*** Block opens ***

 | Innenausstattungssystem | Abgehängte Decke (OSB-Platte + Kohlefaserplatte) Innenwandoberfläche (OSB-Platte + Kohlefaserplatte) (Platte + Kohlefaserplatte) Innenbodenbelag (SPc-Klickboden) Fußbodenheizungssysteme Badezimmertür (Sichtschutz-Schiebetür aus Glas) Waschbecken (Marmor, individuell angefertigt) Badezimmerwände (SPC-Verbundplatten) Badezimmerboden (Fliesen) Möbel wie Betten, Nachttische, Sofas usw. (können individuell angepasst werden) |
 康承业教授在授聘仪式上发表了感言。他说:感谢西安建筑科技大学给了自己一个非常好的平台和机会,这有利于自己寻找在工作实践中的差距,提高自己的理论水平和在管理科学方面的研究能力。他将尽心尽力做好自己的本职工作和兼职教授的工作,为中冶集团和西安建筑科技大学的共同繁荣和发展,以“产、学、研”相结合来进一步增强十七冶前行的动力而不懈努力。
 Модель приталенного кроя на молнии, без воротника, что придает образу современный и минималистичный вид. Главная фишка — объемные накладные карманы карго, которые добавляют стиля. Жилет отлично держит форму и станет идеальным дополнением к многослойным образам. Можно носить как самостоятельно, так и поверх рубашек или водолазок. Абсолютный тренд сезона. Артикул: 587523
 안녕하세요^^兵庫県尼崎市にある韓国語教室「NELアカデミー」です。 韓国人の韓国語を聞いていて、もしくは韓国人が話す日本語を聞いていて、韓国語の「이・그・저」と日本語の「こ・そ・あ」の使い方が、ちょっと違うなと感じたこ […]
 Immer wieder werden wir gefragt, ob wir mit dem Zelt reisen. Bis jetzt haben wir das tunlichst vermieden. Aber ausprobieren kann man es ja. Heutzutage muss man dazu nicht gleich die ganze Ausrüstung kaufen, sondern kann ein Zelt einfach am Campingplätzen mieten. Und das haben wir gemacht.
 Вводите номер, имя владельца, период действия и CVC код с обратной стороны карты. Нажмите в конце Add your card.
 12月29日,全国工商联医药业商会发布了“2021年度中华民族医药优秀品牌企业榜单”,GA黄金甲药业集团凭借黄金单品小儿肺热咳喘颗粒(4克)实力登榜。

*** Block closes ***

WHAT YOU NEED TO DO. Every line of the material must be duplicated exactly.

TASK OUTPUT.
 | Innenausstattungssystem | Abgehängte Decke (OSB-Platte + Kohlefaserplatte) Innenwandoberfläche (OSB-Platte + Kohlefaserplatte) (Platte + Kohlefaserplatte) Innenbodenbelag (SPc-Klickboden) Fußbodenheizungssysteme Badezimmertür (Sichtschutz-Schiebetür aus Glas) Waschbecken (Marmor, individuell angefertigt) Badezimmerwände (SPC-Verbundplatten) Badezimmerboden (Fliesen) Möbel wie Betten, Nachttische, Sofas usw. (können individuell angepasst werden) |
 康承业教授在授聘仪式上发表了感言。他说:感谢西安建筑科技大学给了自己一个非常好的平台和机会,这有利于自己寻找在工作实践中的差距,提高自己的理论水平和在管理科学方面的研究能力。他将尽心尽力做好自己的本职工作和兼职教授的工作,为中冶集团和西安建筑科技大学的共同繁荣和发展,以“产、学、研”相结合来进一步增强十七冶前行的动力而不懈努力。
 Модель приталенного кроя на молнии, без воротника, что придает образу современный и минималистичный вид. Главная фишка — объемные накладные карманы карго, которые добавляют стиля. Жилет отлично держит форму и станет идеальным дополнением к многослойным образам. Можно носить как самостоятельно, так и поверх рубашек или водолазок. Абсолютный тренд сезона. Артикул: 587523
 안녕하세요^^兵庫県尼崎市にある韓国語教室「NELアカデミー」です。 韓国人の韓国語を聞いていて、もしくは韓国人が話す日本語を聞いていて、韓国語の「이・그・저」と日本語の「こ・そ・あ」の使い方が、ちょっと違うなと感じたこ […]
 Immer wieder werden wir gefragt, ob wir mit dem Zelt reisen. Bis jetzt haben wir das tunlichst vermieden. Aber ausprobieren kann man es ja. Heutzutage muss man dazu nicht gleich die ganze Ausrüstung kaufen, sondern kann ein Zelt einfach am Campingplätzen mieten. Und das haben wir gemacht.
 Вводите номер, имя владельца, период действия и CVC код с обратной стороны карты. Нажмите в конце Add your card.
 12月29日,全国工商联医药业商会发布了“2021年度中华民族医药优秀品牌企业榜单”,GA黄金甲药业集团凭借黄金单品小儿肺热咳喘颗粒(4克)实力登榜。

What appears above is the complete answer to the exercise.